Adverse events were reported by about 75% of patients in both groups, but grade 3 or 4 adverse events were reported in 12% of patients on nivolumab vs 18% on dacarbazine, and adverse events leading to discontinuation were uncommon, Dr Long noted (occurring in 2% on nivolumab vs 3% on dacarbazine).

"The safety profile of nivolumab is acceptable and manageable," Dr Long commented. The most common advents events reported with nivolumab were fatigue (20% of patients), pruritus (17%), nausea (17%), and diarrhea (16%), and immune-related adverse events affected skin (37%), the gastrointestinal tract (17%), hepatic endocrinopathies (2%), and pneumonitis (2%, all grade 1 or 2). "The vast majority of these immune-related adverse events had reversed at data cut-off," Dr Long noted.

In treatment-naive patients without BRAF mutations, nivolumab statistically significantly improved outcomes compared with dacarbazine, Dr Long concluded.

At the SMR meeting, these results were met with enthusiastic applause and congratulations from experts in the field. Grant McArthur, MB BS, PhD, FRAC, a consultant medical oncologist and director of the skin and melanoma service at the Peter MacCallum Cancer Centre in Melbourne, Australia, said the data were "outstanding."

"I think it's clear now that immune checkpoint inhibitors are a new standard of care and are replacing chemotherapy," Dr McArthur said.

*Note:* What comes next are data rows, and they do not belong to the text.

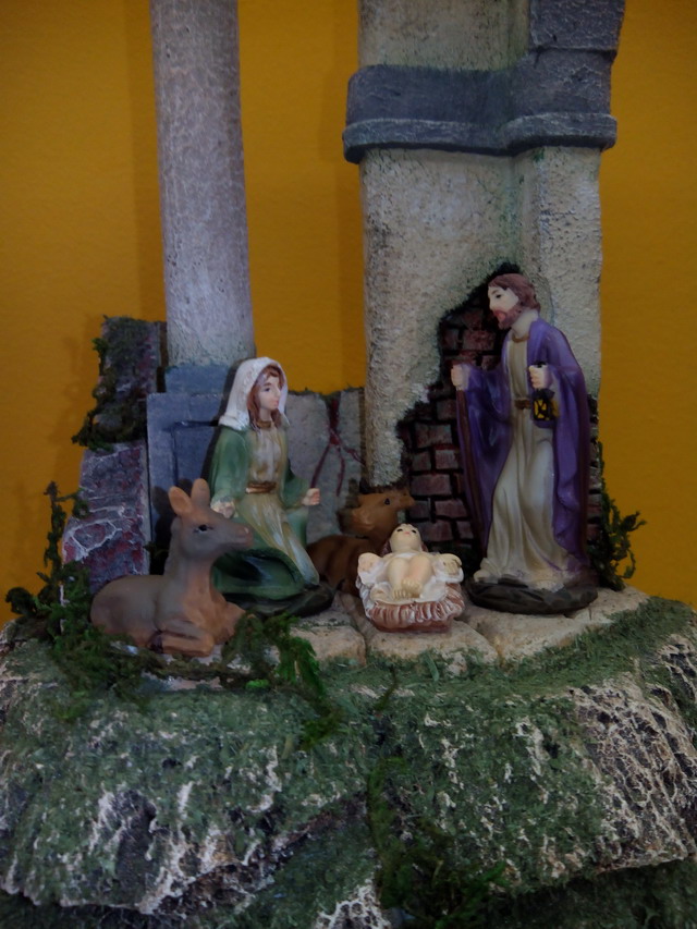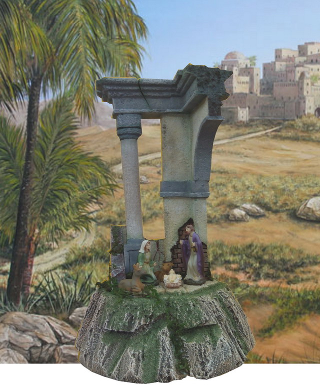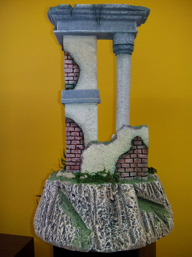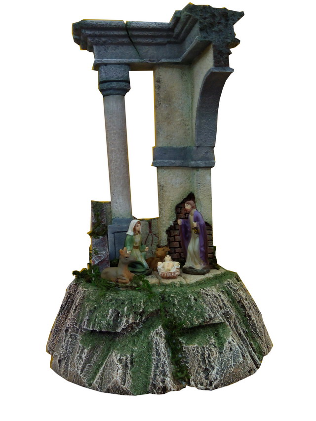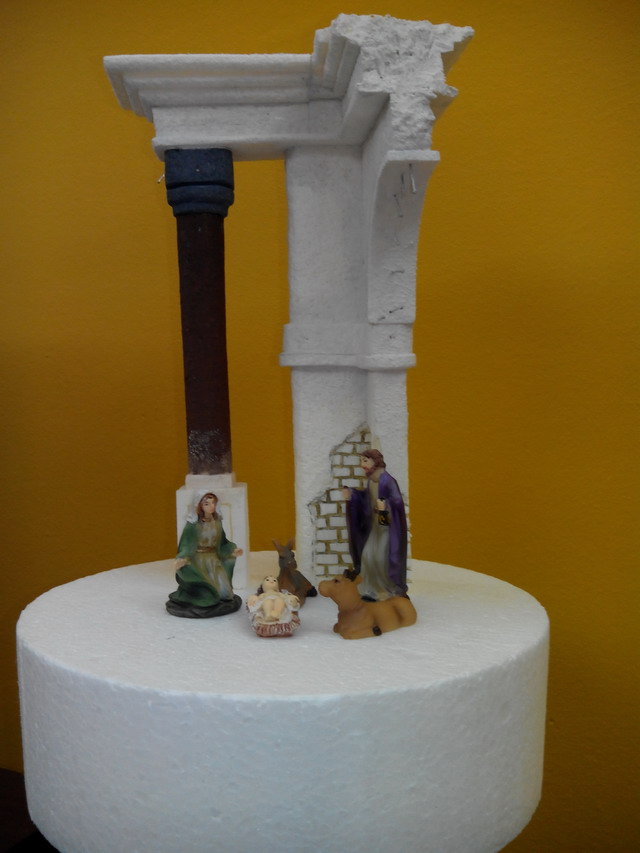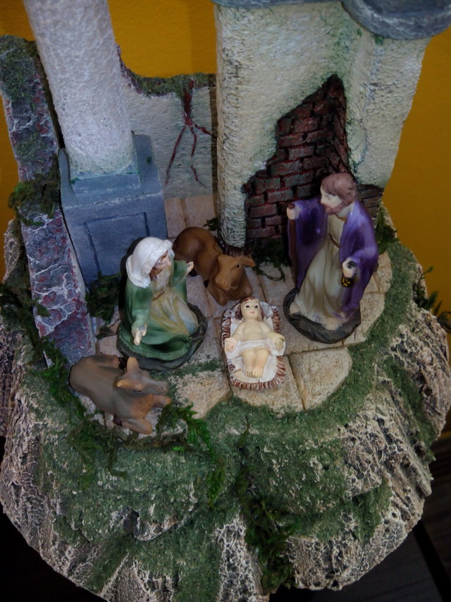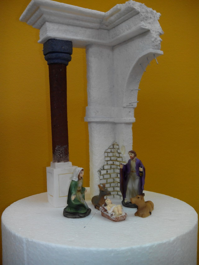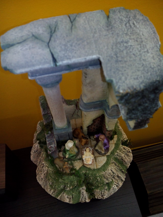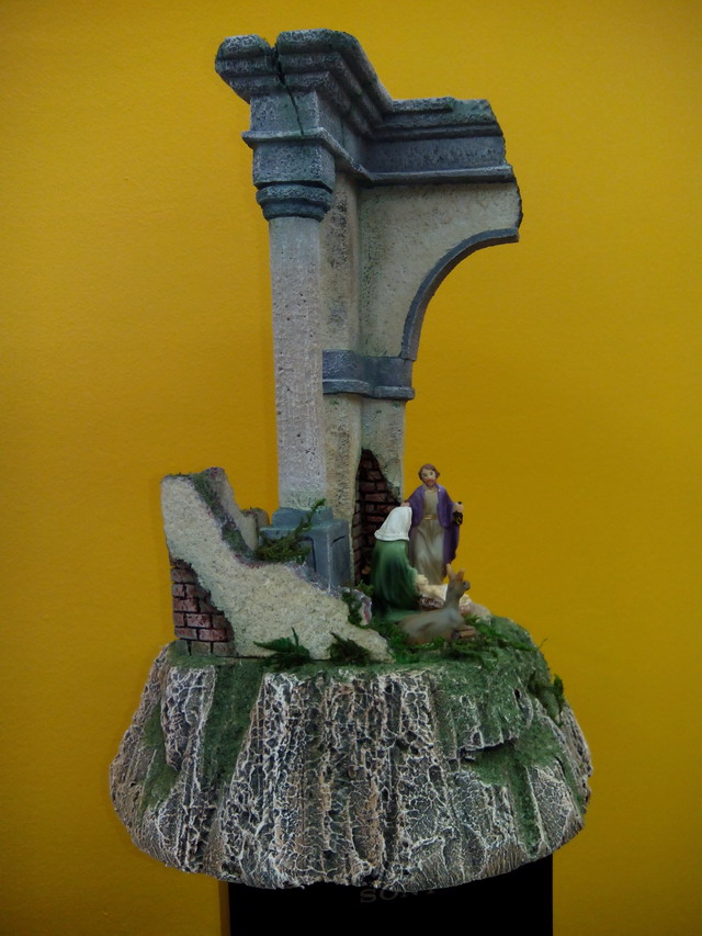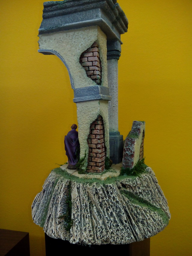 Os traigo otra trabajillo que he terminado y que es una Ruina Romana pequeña que está hecha para ser vista en 360ª ( en redondo) en corcho blanco la base (de bolitas) y corcho compacto el resto (el duro). Las medidas son de 30 de alto por 20 de ancho y fondo. Las figuras son de 6 cm. Es el pesebre perfecto para mesa ded oficina o espacios pequeños.
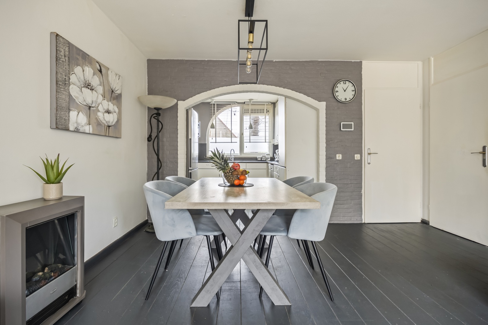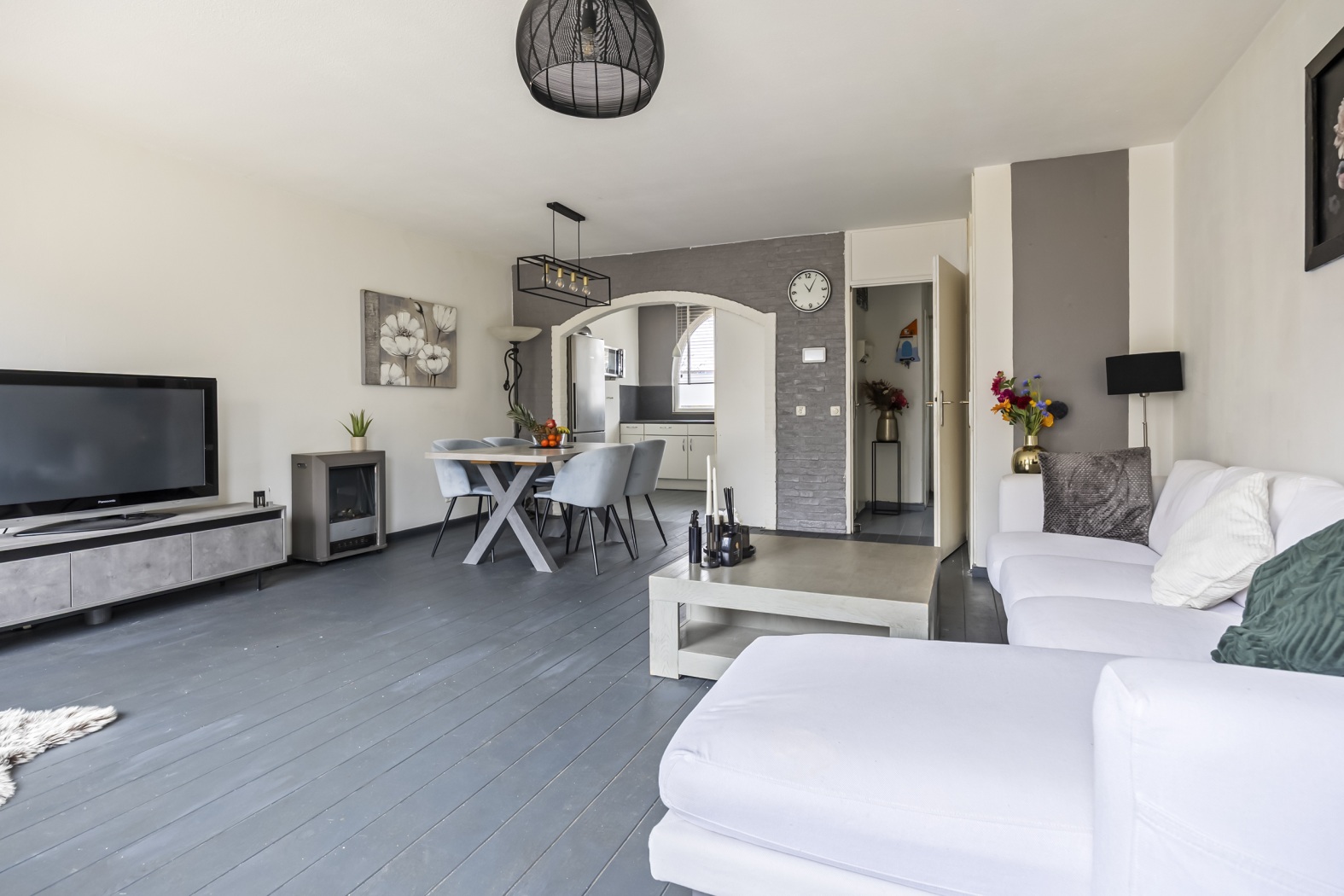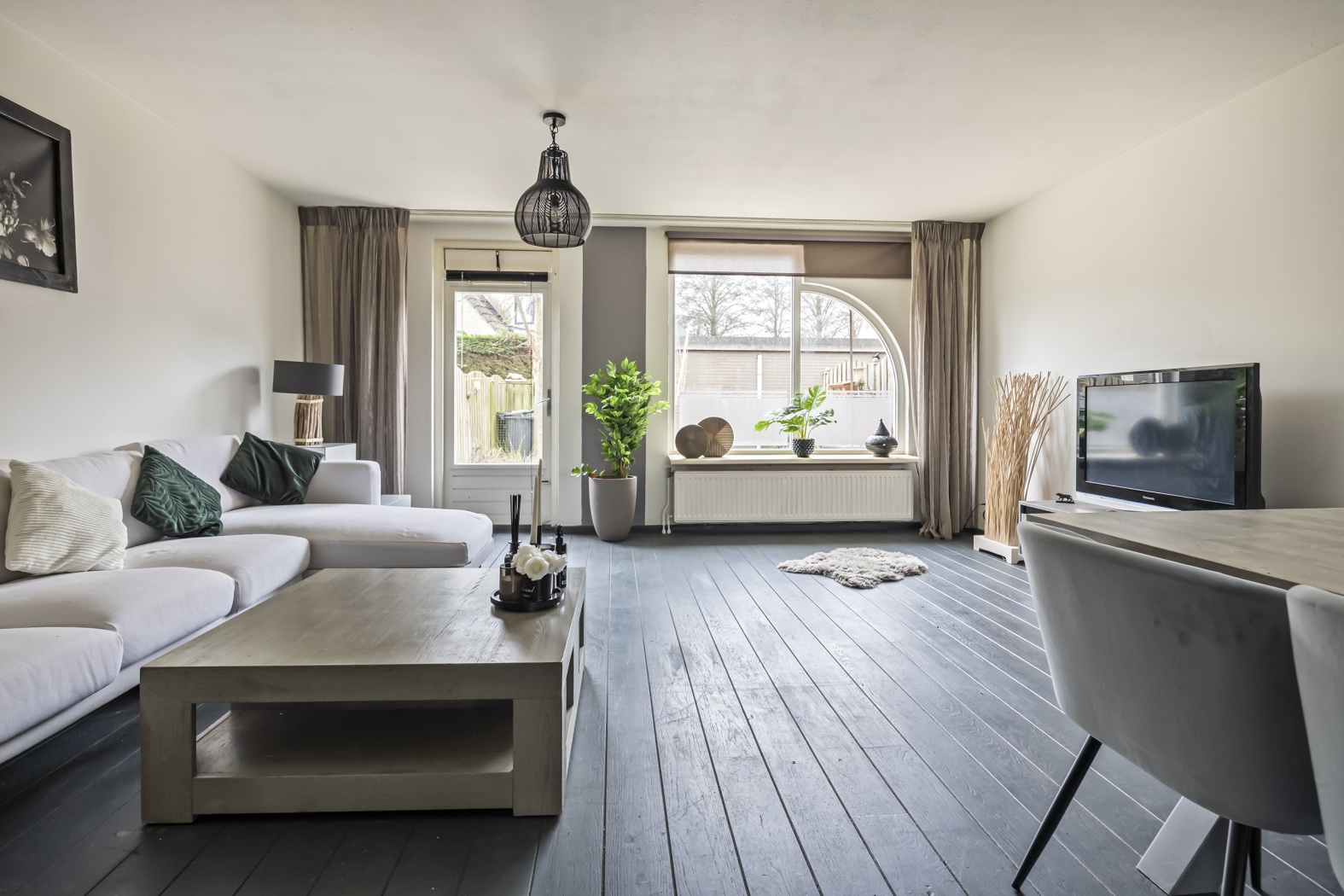 Bij binnenkomst valt direct de ruime en lichte woonkamer op. Dankzij de grote raampartijen – met als leuk en speels detail de half afgeronde ramen aan zowel de voor- als achterzijde, heeft de ruimte een eigen karakter en een prettige lichtinval. Er is volop plek voor een gezellige zithoek en een royale eettafel.
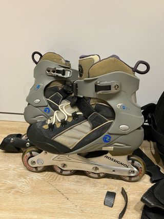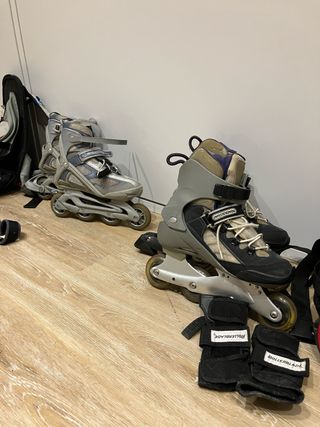 Se venden patines en línea, un par de la marca Rossignol en talla 41 y otro par de la marca Rollerblade en talla 40. Incluyen protecciones. - Patines Rossignol talla 41. - Patines Rollerblade talla 40. - Incluye muñequeras y rodilleras. - y la bolsa de transporte. A 30€ cada par. Los dos por 50€.
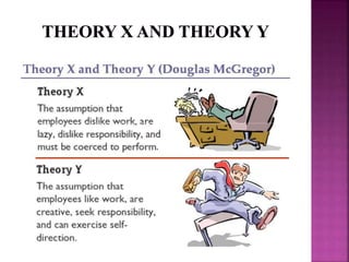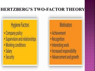 This document discusses motivation concepts and theories. It summarizes motivation as the processes that account for an individual's intensity, direction, and persistence of effort towards attaining a goal. Several motivation theories are outlined, including Maslow's hierarchy of needs, expectancy theory, equity theory, reinforcement theory, and goal-setting theory. The document also discusses intrinsic and extrinsic motivation, self-efficacy, flexible work arrangements, variable pay programs, benefits, and employee recognition programs as ways to motivate employees.
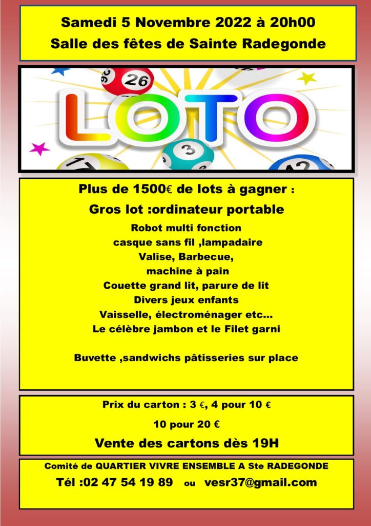 Le comité de quartier Vivre ensemble à Sainte Radegonde (VESR) organise son loto annuel le samedi 5 Novembre 2022 à 20h à la salle des Fêtes de Sainte Radegonde.
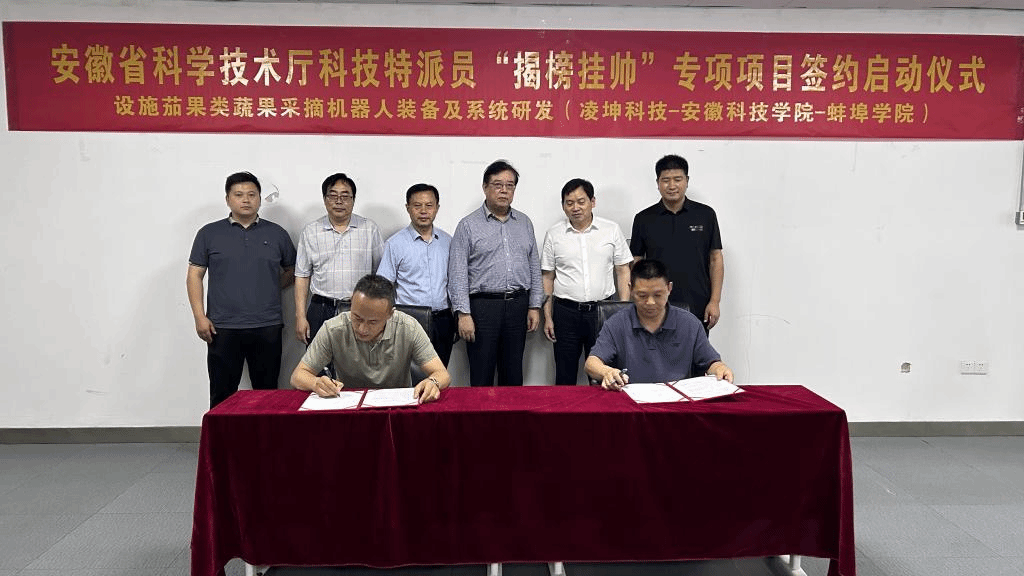 安徽省科学技术厅科技特派员“揭榜挂帅”农业物质技术装备专项项目,属于安徽省科技重大专项项目,我校机械工程学院材料成形及智能装备团队申报的“设施茄果类蔬果智能采摘机器人装备及系统研发”获批立项,这也是BB手机官方网站_BB(中国)首次获批省级揭榜挂帅项目;该项目省级支持资金100万,地方按照1:1配套资金。6月2日,发榜方和揭榜方在安徽凌坤智能科技有限公司举行项目启动和各方责任履约签约仪式,蚌埠市科技局副局长杨怀波、BB手机官方网站_BB(中国)科研处处长陈丰、安徽凌坤智能科技有限公司董事长潘成刚等参加签约启动仪式。
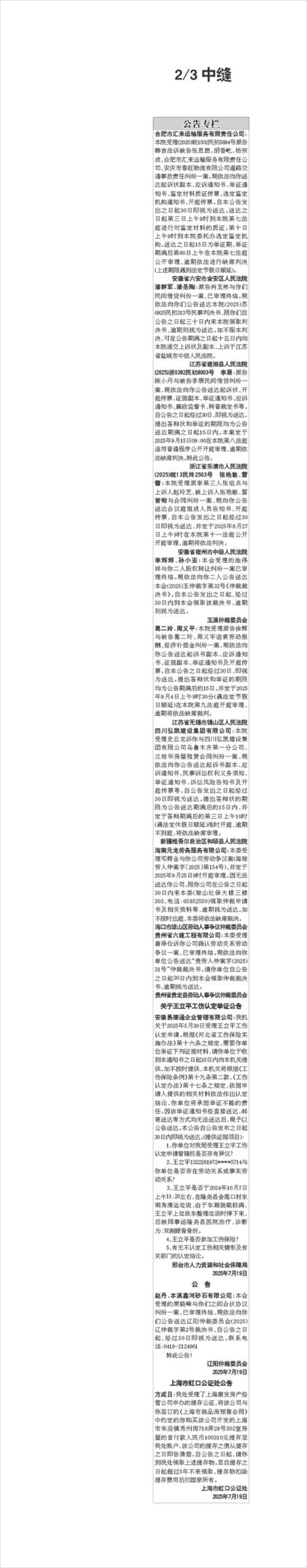公告专栏   合肥市汇来运输服务有限责任公司:本院受理(2025)皖1502民初5894号原告韩言法诉被告张思想、胡香屹、杨宗成、合肥市汇来运输服务有限责任公司、安庆市春旺物流有限公司道路交通事故责任纠纷一案。现依法向你送达起诉状副本、应诉通知书、举证通知书、鉴定材料质证传票、选定鉴定机构通知书、开庭传票。自本公告发出之日起30日即视为送达。送达之日起第三日上午9时到本院第七法庭进行对鉴定材料的质证;第十日上午9时到本院委托办选定鉴定机构。送达之日起15日为举证期,举证期满后第60日上午在本院第七法庭公开审理,逾期依法进行缺席判决(上述期限遇到法定节假日顺延)。
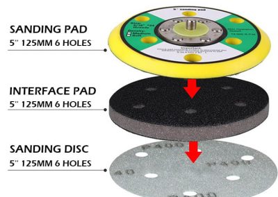 3. Se aplica sin esfuerzo entre los discos de lijado y las almohadillas de respaldo para cambios rápidos.
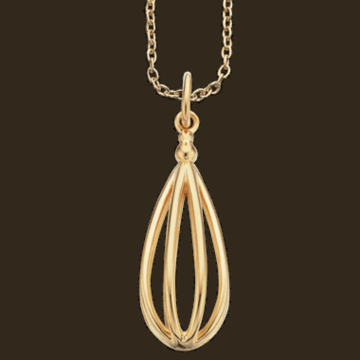 Dette fine vedhæng er fremstillet i guldbelagt sterling sølv. Vedhænget er designet som en åben dråbe. Til vedhænget følger en sølv forgyldt kæde på 45 cm.
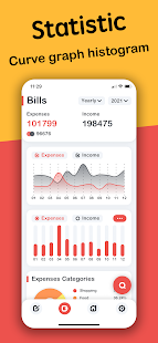 Based on the record entered, you can instantly see your expense by category and changes between each month. And you can see the change of your assets and income/expense indicated by a graph as well.
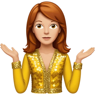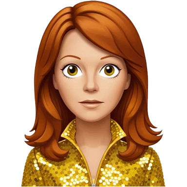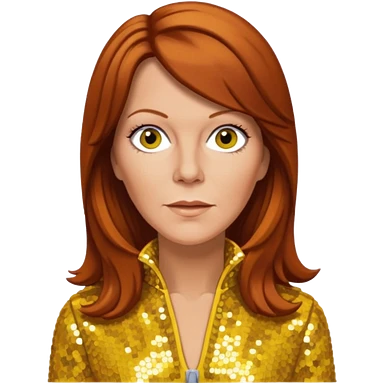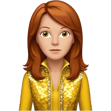 Anni-Frid Lyngstad from ABBA with long reddish brown hair, yellow sequin outfit emoji
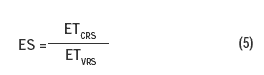 La eficiencia de escala se calcula mediante el cociente entre la eficiencia técnica obtenida bajo rendimientos constantes a escala y la ET calculada con rendimientos variables a escala (VRS). La fórmula para cada chacra es la siguiente:

He noted that another presentation at the meeting showed clear superiority for another PD-inhibitor, pembrolizumab (Keytruda, Merck & Co.), over chemotherapy, and noted that this drug had recently been approved in the United States as a second-line therapy. It is intended for use following treatment with ipilimumab, and can also be used in patients whose tumors express BRAF V600, after treatment with both ipilimumab and a BRAF inhibitor.

"One of our challenges now is that we have to work diligently to get access for our patients to these treatments throughout the world," he said.

The study was sponsored by Bristol-Myers Squibb, manufacturer of nivolumab. Dr Long reports acting as consultant or adviser to Amgen, Bristol-Myers Squibb, Novartis, GlaxoSmithKline, Roche, and Merck & Co. Several coauthors also have industry relationships, as detailed in the publication, and three coauthors are employees of Bristol-Myers Squibb. Dr McArthur reports serving as a consultant for Pfizer and Celgene.